Boils down to 2 congruent right triangles (ABC and ABD)
stuck together along the common hypotenuse AB, then
"completing the rectangle" (ACEF) thus forming
2 similar right triangles (ADF and BDE).

Simple enough it appears, but I'm kinda stuck.

I've been able to "see" that when c (your L) is at minimum,
then b = aSQRT(2) and c = aSQRT(3); so c = 3wSQRT(3) / 4,
using my previous observation: a = (3/4)w.

So I need to come up with some equation such that after
taking its 1st derivative, I'm left with 4c = 3wSQRT(3).

Can't wrap it up; take me out of my misery!

 

[MarkFL]

...Can't wrap it up; take me out of my misery!

Okay, here is my solution:

Spoiler

I have filled in the previous diagram with the information I need:

View attachment 1087

By similarity, we may state:

$$\frac{\sqrt{L^2-x^2}}{W}=\frac{x}{\sqrt{W(2x-W)}}$$

Squaring, we obtain:

$$\frac{L^2-x^2}{W^2}=\frac{x^2}{W(2x-W)}$$

$$L^2-x^2=\frac{Wx^2}{2x-W}$$

$$L^2=\frac{2x^3}{2x-W}$$

At this point we see that we require $$\frac{W}{2}<x\le W$$.

Minimizing $L^2$ will also minimize $L$, and so differentiating with respect to $x$ and equating to zero, we find:

$$\frac{d}{dx}\left(L^2 \right)=\frac{(2x-W)\left(6x^2 \right)-(2)\left(2x^3 \right)}{(2x-W)^2}=\frac{2x^2(4x-3W)}{(2x-W)^2}=0$$

Discarding the root outside of the meaningful domain, we are left with:

$$4x-3W=0$$

$$x=\frac{3}{4}W$$

The first derivative test easily shows that this is a minimum, as the linear factor in the numerator, the only factor which changes sign, goes from negative to positive across this critical value.

Thus, we may state:

$$L_{\min}=L\left(\frac{3}{4}W \right)=\sqrt{\frac{2\left(\frac{3}{4}W \right)^3}{2\left(\frac{3}{4}W \right)-W}}=\frac{3\sqrt{3}}{4}W$$

 

[Wilmer]

Thanks Mark.
Somewhat tougher than I thought...
Sure glad to see the SQRT(3)!

 

[Wilmer]

Damn! I was ok up to your L^2 = 2x^3 / (2x - W) , then to 2x^2(4x - 3W) = 0

Entirely forgot about this:
"Discarding the root outside of the meaningful domain, we are left with:"

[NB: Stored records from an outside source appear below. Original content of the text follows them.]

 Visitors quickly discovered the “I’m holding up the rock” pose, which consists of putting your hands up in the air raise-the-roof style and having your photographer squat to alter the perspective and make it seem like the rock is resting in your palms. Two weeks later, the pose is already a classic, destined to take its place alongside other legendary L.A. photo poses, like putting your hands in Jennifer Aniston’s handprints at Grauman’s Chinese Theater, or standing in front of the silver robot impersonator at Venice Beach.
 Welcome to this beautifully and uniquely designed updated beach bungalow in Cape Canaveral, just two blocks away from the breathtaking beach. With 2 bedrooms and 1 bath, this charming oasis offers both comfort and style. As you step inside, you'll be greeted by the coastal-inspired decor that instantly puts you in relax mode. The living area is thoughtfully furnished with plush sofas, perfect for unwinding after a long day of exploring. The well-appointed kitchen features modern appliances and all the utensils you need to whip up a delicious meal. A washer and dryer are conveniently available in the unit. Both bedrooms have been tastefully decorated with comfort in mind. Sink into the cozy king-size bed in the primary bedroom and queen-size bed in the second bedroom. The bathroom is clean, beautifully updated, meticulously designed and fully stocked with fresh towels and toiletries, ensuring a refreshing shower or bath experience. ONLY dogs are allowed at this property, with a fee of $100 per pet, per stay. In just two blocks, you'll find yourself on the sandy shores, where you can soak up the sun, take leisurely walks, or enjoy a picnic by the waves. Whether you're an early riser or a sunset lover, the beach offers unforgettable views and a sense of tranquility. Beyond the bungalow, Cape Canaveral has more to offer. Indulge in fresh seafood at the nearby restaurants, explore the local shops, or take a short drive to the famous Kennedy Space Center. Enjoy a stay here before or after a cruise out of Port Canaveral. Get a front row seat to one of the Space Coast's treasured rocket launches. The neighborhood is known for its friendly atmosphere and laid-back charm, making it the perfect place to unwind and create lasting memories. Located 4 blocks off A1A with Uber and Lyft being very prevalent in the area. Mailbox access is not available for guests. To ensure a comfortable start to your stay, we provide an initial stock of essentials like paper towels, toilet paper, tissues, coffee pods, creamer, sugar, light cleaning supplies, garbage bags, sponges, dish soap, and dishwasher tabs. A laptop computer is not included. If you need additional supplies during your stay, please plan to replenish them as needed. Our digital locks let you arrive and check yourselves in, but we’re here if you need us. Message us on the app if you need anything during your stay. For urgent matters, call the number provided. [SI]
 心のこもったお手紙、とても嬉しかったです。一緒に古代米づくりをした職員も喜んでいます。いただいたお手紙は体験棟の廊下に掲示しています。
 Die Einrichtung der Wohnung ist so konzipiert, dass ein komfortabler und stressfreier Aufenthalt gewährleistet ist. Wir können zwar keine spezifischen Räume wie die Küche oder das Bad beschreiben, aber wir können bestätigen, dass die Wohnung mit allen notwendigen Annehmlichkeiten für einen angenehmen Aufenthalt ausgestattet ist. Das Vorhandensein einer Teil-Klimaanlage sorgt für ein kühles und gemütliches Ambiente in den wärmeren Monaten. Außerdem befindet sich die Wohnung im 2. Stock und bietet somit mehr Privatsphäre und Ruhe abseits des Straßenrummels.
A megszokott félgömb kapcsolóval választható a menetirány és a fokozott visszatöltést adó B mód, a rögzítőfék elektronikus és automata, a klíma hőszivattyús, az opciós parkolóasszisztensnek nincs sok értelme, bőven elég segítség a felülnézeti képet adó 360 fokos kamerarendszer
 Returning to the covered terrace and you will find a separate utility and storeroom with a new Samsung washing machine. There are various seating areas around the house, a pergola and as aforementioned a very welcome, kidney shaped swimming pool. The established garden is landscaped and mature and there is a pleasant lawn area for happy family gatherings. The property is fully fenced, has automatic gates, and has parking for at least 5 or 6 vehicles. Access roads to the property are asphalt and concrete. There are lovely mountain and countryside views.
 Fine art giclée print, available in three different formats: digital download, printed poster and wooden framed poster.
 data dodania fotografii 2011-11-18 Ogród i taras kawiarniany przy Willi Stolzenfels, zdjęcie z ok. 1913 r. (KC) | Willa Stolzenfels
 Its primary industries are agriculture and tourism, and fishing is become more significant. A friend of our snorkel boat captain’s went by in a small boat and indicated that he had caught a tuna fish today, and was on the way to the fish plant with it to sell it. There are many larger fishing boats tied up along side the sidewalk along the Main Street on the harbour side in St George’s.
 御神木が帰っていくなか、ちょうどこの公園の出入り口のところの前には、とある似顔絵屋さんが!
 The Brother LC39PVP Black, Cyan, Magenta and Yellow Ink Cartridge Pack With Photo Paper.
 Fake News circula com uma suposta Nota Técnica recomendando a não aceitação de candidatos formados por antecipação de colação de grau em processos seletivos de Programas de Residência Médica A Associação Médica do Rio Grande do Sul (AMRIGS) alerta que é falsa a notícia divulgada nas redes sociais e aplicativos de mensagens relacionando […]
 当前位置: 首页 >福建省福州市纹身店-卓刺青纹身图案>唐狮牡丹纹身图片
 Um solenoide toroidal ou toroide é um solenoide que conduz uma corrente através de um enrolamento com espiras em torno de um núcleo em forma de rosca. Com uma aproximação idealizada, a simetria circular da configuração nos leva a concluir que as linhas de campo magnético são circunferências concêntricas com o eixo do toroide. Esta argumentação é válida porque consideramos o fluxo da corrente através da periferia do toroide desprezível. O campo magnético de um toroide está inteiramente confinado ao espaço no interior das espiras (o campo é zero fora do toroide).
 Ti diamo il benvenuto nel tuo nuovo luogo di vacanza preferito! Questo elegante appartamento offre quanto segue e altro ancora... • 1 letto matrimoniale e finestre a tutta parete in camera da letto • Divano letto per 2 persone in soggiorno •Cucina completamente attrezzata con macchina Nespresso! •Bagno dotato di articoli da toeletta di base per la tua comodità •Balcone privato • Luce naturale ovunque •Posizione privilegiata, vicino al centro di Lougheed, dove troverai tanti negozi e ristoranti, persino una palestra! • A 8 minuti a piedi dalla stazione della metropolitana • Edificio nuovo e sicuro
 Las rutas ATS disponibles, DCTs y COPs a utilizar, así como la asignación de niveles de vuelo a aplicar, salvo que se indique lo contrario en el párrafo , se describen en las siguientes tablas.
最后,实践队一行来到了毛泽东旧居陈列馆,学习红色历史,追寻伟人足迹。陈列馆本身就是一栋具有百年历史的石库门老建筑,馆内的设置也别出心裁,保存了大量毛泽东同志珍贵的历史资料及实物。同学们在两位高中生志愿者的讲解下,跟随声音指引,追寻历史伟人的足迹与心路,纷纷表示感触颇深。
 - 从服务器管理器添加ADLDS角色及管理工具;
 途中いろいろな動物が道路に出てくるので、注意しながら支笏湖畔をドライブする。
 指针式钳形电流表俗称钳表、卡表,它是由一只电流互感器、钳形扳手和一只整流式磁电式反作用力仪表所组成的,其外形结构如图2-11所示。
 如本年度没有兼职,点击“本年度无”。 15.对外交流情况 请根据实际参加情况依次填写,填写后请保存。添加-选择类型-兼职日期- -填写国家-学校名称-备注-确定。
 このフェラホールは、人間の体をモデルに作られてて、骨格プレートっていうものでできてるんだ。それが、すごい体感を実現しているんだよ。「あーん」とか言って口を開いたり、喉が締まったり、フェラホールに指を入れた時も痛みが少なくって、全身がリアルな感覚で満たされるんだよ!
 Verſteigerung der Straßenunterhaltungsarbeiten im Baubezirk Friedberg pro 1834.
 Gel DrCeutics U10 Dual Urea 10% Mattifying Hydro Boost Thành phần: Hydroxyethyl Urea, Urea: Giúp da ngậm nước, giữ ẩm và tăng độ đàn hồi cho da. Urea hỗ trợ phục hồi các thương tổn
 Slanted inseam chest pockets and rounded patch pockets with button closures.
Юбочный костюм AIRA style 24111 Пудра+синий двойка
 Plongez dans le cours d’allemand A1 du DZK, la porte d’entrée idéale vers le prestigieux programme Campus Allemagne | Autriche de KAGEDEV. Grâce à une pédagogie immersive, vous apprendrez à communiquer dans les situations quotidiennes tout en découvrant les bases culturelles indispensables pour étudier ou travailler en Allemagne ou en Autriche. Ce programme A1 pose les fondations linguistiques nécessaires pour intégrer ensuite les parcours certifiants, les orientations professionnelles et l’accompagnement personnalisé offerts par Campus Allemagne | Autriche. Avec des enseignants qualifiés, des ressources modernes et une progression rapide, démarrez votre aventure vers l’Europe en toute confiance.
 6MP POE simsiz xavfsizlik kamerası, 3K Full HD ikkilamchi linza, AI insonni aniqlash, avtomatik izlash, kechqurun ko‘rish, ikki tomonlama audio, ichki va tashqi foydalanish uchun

Gotta good memory, but it's short (Emo)

(I don't have enough hair to do that!)

Again, NICE problem.

 

[Wilmer]

Of course, there will be no "all integer" solutions.
Interestingly, very few exist if "minimum L" condition is removed;
only 4 primitives keeping short leg of right triangle < 10000:
(right triangle sides, W):
75,100, 125, 96
845, 2028, 2197, 1440
2312, 4335, 4913, 3600
4375, 15000, 15625, 8064